Question
The sum of 11 terms of an Appointment is 891 find the 1st 28th and 45th terms if the common difference is 15
Answers
GPT-4o mini
To find the first, 28th, and 45th terms of an arithmetic sequence (AP), we first need to know the formula for the \( n \)-th term of an AP and the sum of the first \( n \) terms.
1. **Formula for the \( n \)-th term**:
\[
a_n = a + (n - 1)d
\]
where:
- \( a \) is the first term,
- \( d \) is the common difference,
- \( n \) is the term number.
2. **Formula for the sum of the first \( n \) terms**:
\[
S_n = \frac{n}{2} \times (2a + (n - 1)d)
\]
where \( S_n \) is the sum of the first \( n \) terms.
In this problem, we know:
- The sum of the first 11 terms \( S_{11} = 891 \).
- The common difference \( d = 15 \).
- We are trying to find \( a \), the first term.

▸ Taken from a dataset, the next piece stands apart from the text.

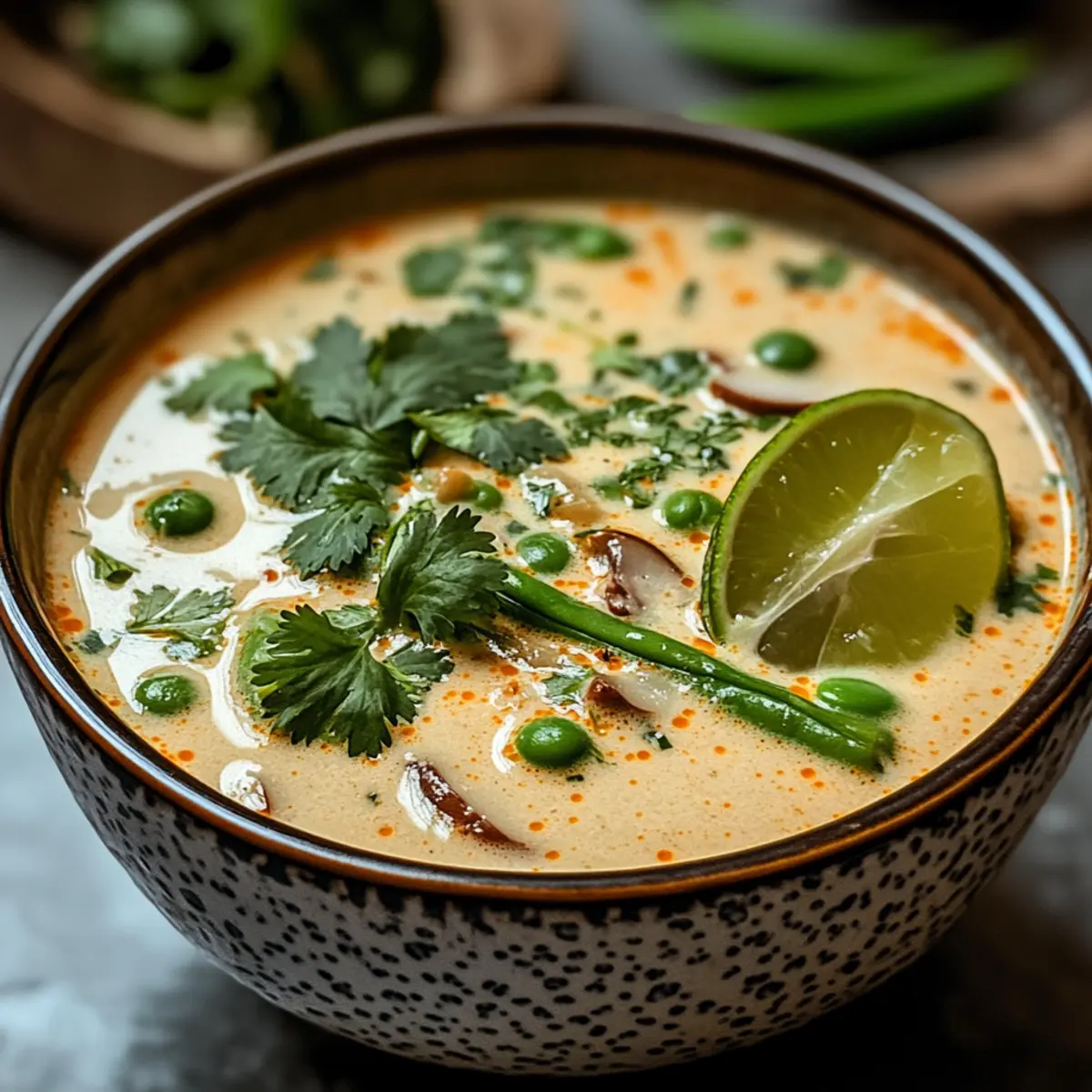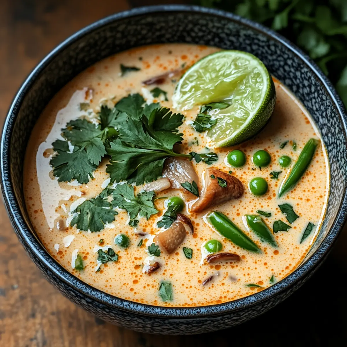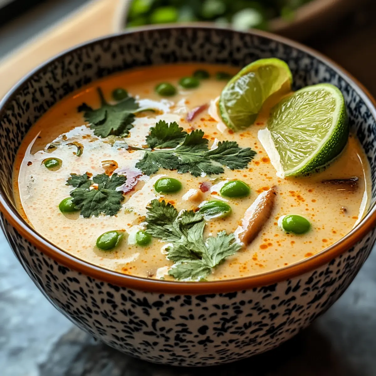 Exotische Aromen: Diese thailändische Kokosnuss-Suppe vereint die erfrischenden Geschmäcker von Limette und frischem Koriander, die dich sofort nach Thailand versetzen.
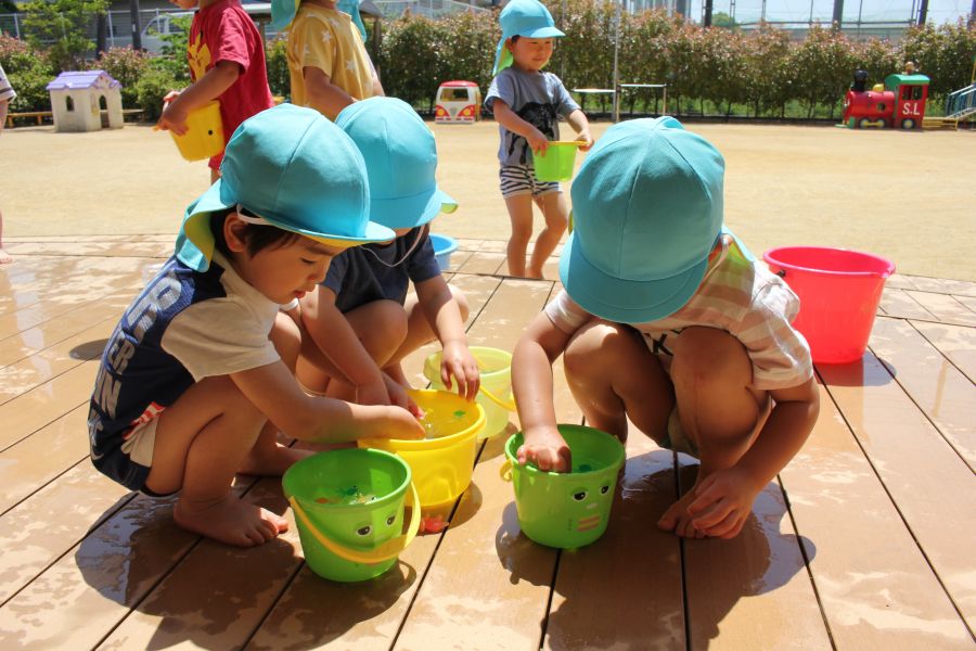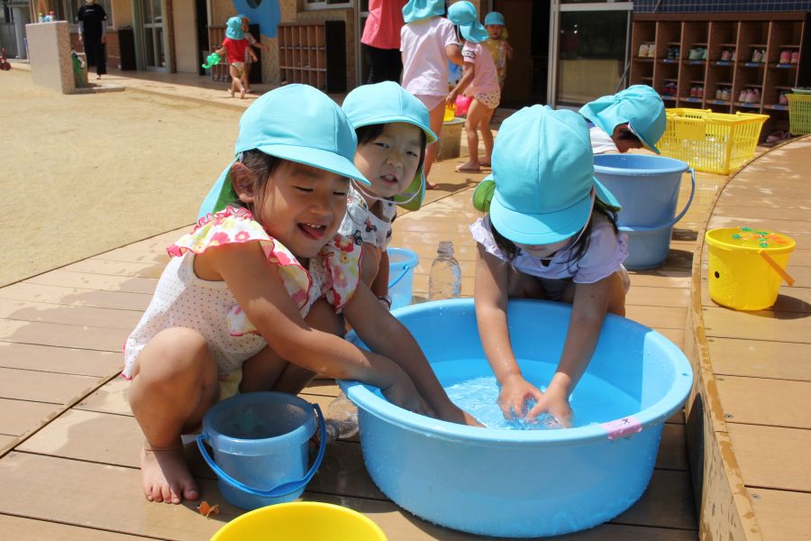 今日は天気が良く暑かったので、一足先に水遊びを楽しんだそら組さん。 まずはデッキに並んだタライに自分たちで水を運びます。 こぼさないようにそーっと歩いて運んだ後は、水に金魚や亀のおもちゃを浮かべて水遊びスタート! 「気持ちいい~!」と、つい入りたくなってタライに足だけいれてみたりと、本格的な水遊びが待ち遠しい様子です。

### Step 1: Using the sum formula
Substituting the values into the sum formula for the first 11 terms:
\[
S_{11} = \frac{11}{2} \times (2a + (11 - 1) \times 15)
\]
This simplifies to:
\[
891 = \frac{11}{2} \times (2a + 10 \times 15)
\]
Calculating \( 10 \times 15 \):
\[
10 \times 15 = 150
\]
So the equation becomes:
\[
891 = \frac{11}{2} \times (2a + 150)
\]
Multiplying both sides by 2 to eliminate the fraction:
\[
1782 = 11 \times (2a + 150)
\]
Now, dividing both sides by 11:
\[
162 = 2a + 150
\]
Subtracting 150 from both sides:
\[
12 = 2a
\]
Dividing by 2 gives:
\[
a = 6
\]
### Step 2: Finding the first, 28th, and 45th terms
Now that we have \( a = 6 \) and \( d = 15 \), we can find the terms.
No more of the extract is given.